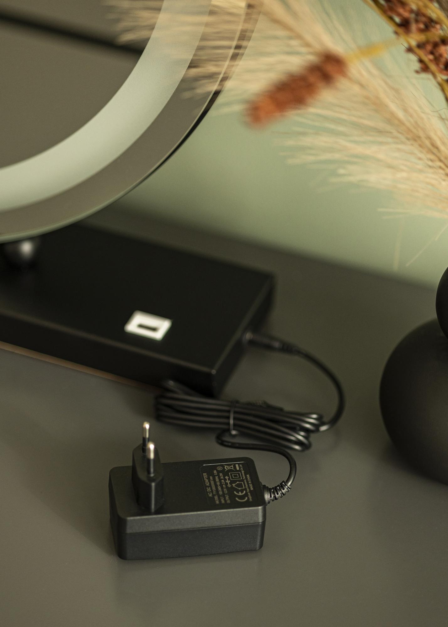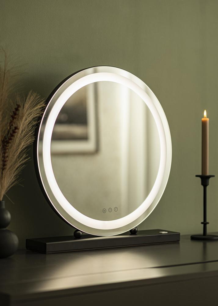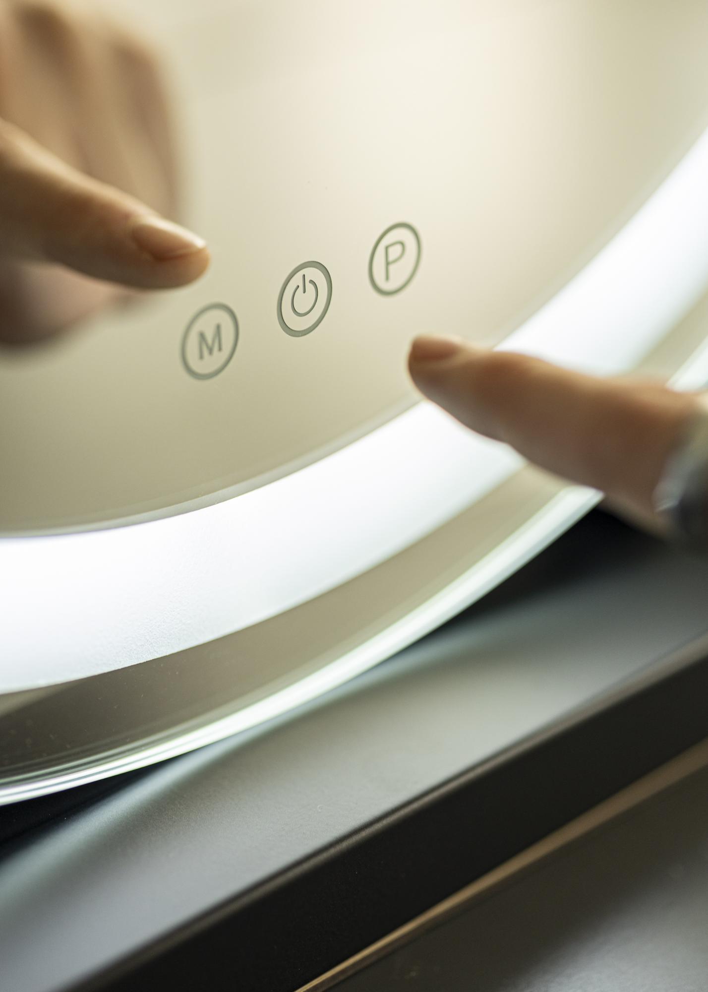 To je lično ogledalo v pokončnem modelu, s stojalom v nevtralni črni barvi, ki jo je mogoče preprosto ujemati s preostalim delom notranje opreme. Površina ogledala ima klasično okroglo obliko s premerom 50 cm, ki je lepo uokvirjena z integriranim LED trakom. Na spodnjem robu površine ogledala so trije gumbki na dotik - gumb za vklop/izklop, ki prižge in ugasne osvetlitev, gumb "M" za prilagajanje barvne temperature svetlobe in gumb "P", ki omogoča zatemnitev svetilnosti osvetlitve po želji. Električna povezava je izvedena z vtičem.
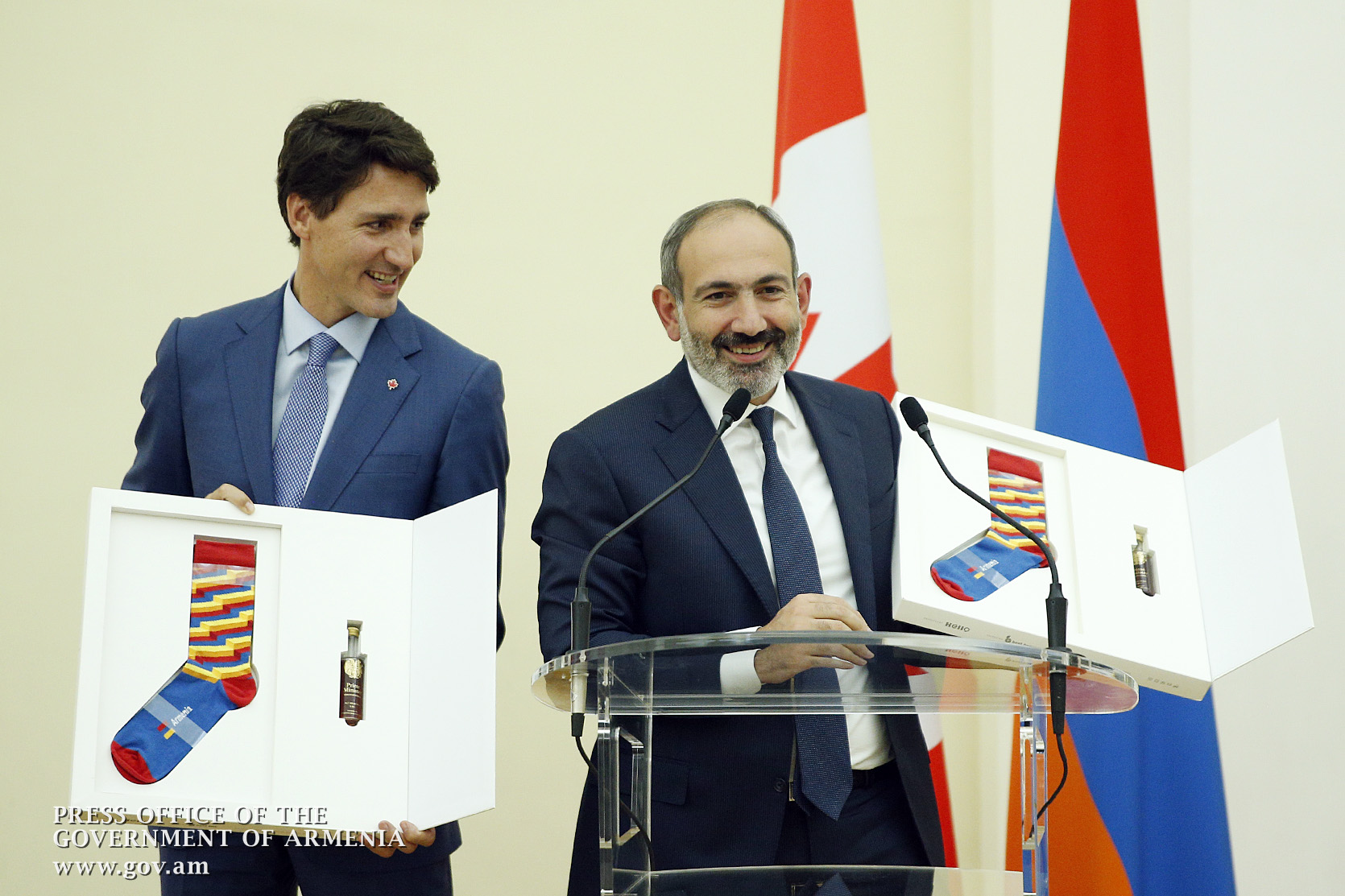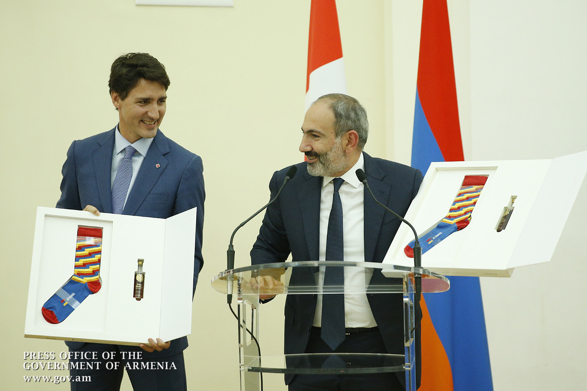 Բայց սա ամենը չէ: Ես մտածում էի՝ ինչո՞վ է հայտնի պարոն Թրյուդոն, և ինչո՞վ եմ հայտնի ես, և ինչո՞վ կարող եմ ես մրցակցել մեր սիրելի վարչապետի հետ: Կարծում եմ, որ հայտնի եմ իմ սելֆիներով, իսկ պարոն Թրյուդոն՝ իր գուլպաներով: Եվ Հայաստանում կա մի ընկերություն, որը որոշել է, որ առանձնահատուկ նվեր պետք է անի երկուսիս՝ սրանով գուցե հիմք դնելով մի լավ բարեկամության: Այս գուլպաներից մեկն իմն է, պարոն վարչապետ, մեկը՝ Ձերը:
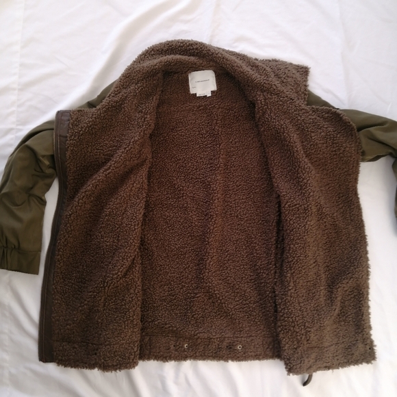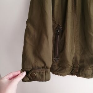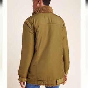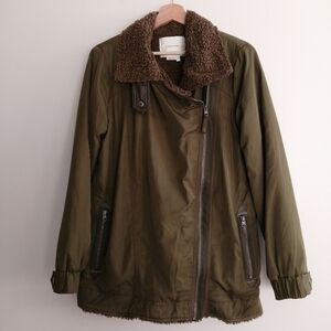 By Anthropologie Sherpa Lined Parka Jacket Olive Green and Brown
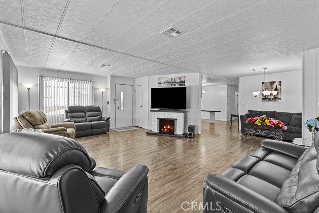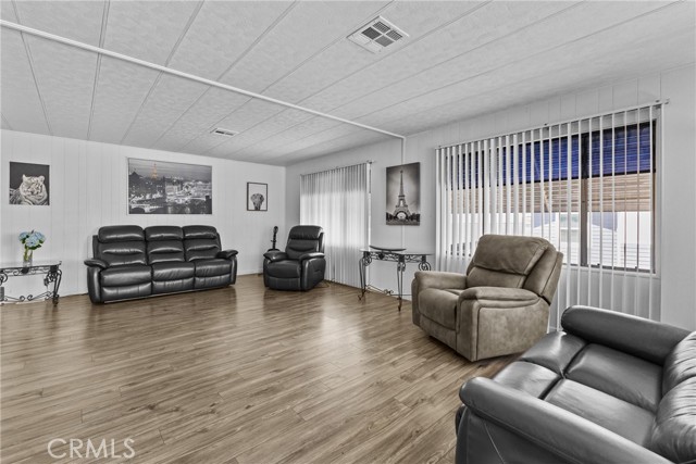 Welcome to this beautifully maintained mobile home in an award-winning 55+ community designed for active seniors who want lifestyle, convenience, and comfort all in one. Step inside to find a move-in ready 2-bedroom, 2-bath home with an enclosed California room, offering extra space to relax, entertain, or unwind. The generous living room flows seamlessly with updated flooring throughout, creating a clean and inviting feel the moment you walk in. The kitchen is both functional and charming, featuring plenty of storage and a built-in range. The primary bedroom offers privacy with its own enclosed bathroom, while the secondary bedroom is spacious and conveniently located near the second full bath in the hallway. Enjoy your morning coffee on the front porch, host weekend BBQs in the private backyard space perfect for grilling and gathering, and take advantage of the oversized driveway with plenty of room for a large truck. And the lifestyle? It’s everything. This vibrant community offers activities for every interest—shuffleboard, outdoor swimming, bingo nights, a library, crafts, cards, and indoor exercise options, within walking distance to a dog park also nearby Kaiser Permanent Hospital and Riverwalk area, perfectly located near shopping, dining, and easy access to the 91 freeway, this is truly location, location, location. If you’ve been waiting for something affordable, low-maintenance, and move-in ready, this is it. Don’t miss your opportunity—schedule your private showing today.
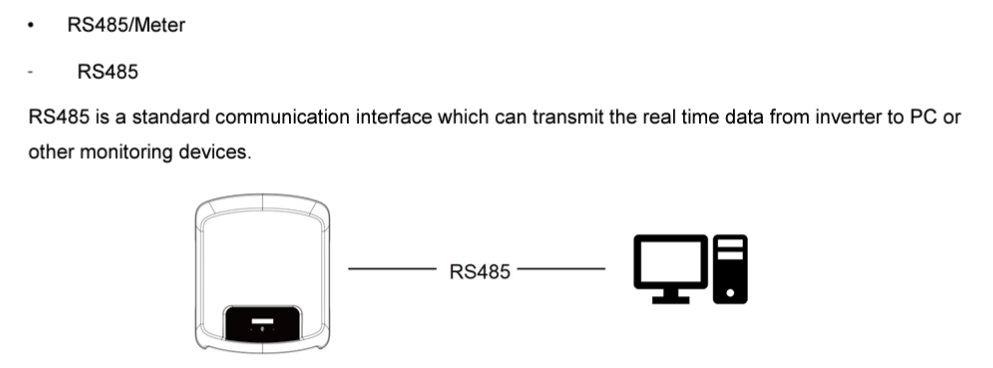 The documentation (page 19) of my inverter mentions connection with a PC over a RS485 connection.
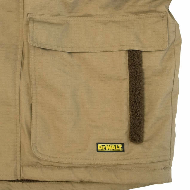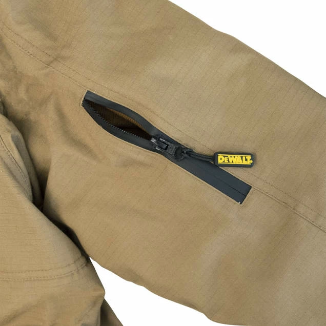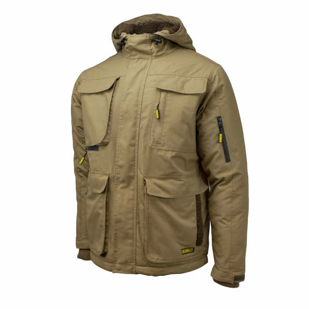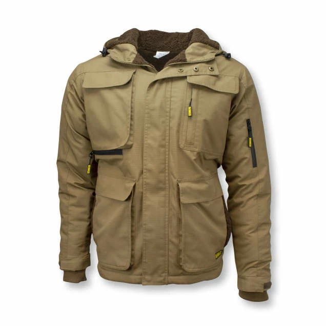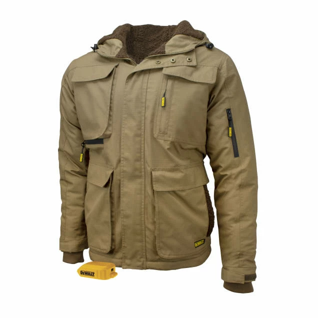 The DEWALT® DCHJ091 Men’s Heavy Duty Ripstop Heated Jacket provides hours of continuous heat with 3 heat zones and 3 temperature settings. The Ripstop outer shell and Sherpa fleece lining provide warmth and protection from cold environments. Pockets with snap closure flaps, zippers and waterproof zippers help to keep tools and accessories secure and your hands free to work. This item comes in Bare and Kitted versions. The Bare version can be used with your DEWALT 20V battery, and the Kitted version includes a 20V battery and charger. Both versions come with the DCB092 USB power adapter which can also be used to charge your accessories.

* * * * * * *

> Assigned task
Your output should be the lines above from the one that contains "Welcome to this" through the one that contains "The documentation (page", word for word, with pictures left out.

> Your solution
 Welcome to this beautifully maintained mobile home in an award-winning 55+ community designed for active seniors who want lifestyle, convenience, and comfort all in one. Step inside to find a move-in ready 2-bedroom, 2-bath home with an enclosed California room, offering extra space to relax, entertain, or unwind. The generous living room flows seamlessly with updated flooring throughout, creating a clean and inviting feel the moment you walk in. The kitchen is both functional and charming, featuring plenty of storage and a built-in range. The primary bedroom offers privacy with its own enclosed bathroom, while the secondary bedroom is spacious and conveniently located near the second full bath in the hallway. Enjoy your morning coffee on the front porch, host weekend BBQs in the private backyard space perfect for grilling and gathering, and take advantage of the oversized driveway with plenty of room for a large truck. And the lifestyle? It’s everything. This vibrant community offers activities for every interest—shuffleboard, outdoor swimming, bingo nights, a library, crafts, cards, and indoor exercise options, within walking distance to a dog park also nearby Kaiser Permanent Hospital and Riverwalk area, perfectly located near shopping, dining, and easy access to the 91 freeway, this is truly location, location, location. If you’ve been waiting for something affordable, low-maintenance, and move-in ready, this is it. Don’t miss your opportunity—schedule your private showing today.
 The documentation (page 19) of my inverter mentions connection with a PC over a RS485 connection.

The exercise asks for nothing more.